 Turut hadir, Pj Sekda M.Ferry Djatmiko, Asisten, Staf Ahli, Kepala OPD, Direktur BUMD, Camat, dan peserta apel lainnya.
---+---
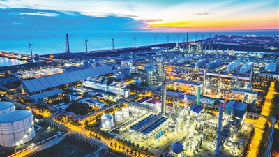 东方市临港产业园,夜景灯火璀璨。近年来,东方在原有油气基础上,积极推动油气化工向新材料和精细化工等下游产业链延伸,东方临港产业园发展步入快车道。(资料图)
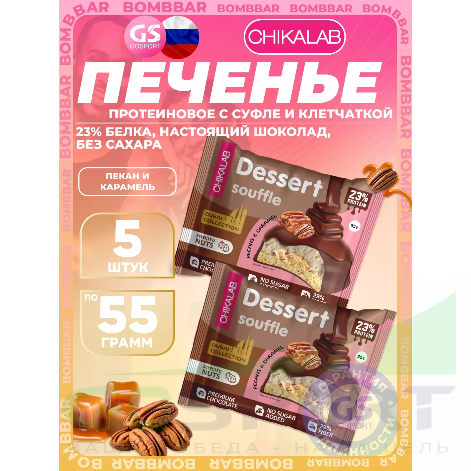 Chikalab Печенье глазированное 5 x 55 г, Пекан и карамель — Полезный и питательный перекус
---+---
» Task goal:
What you need to produce is an exact copy of the entries above, limited to the lines from the one with "东方市临港产业园,夜景灯火璀" up to and including the one with "Chikalab Печенье глазированное", without pictures.

» Response area:
 东方市临港产业园,夜景灯火璀璨。近年来,东方在原有油气基础上,积极推动油气化工向新材料和精细化工等下游产业链延伸,东方临港产业园发展步入快车道。(资料图)
 Chikalab Печенье глазированное 5 x 55 г, Пекан и карамель — Полезный и питательный перекус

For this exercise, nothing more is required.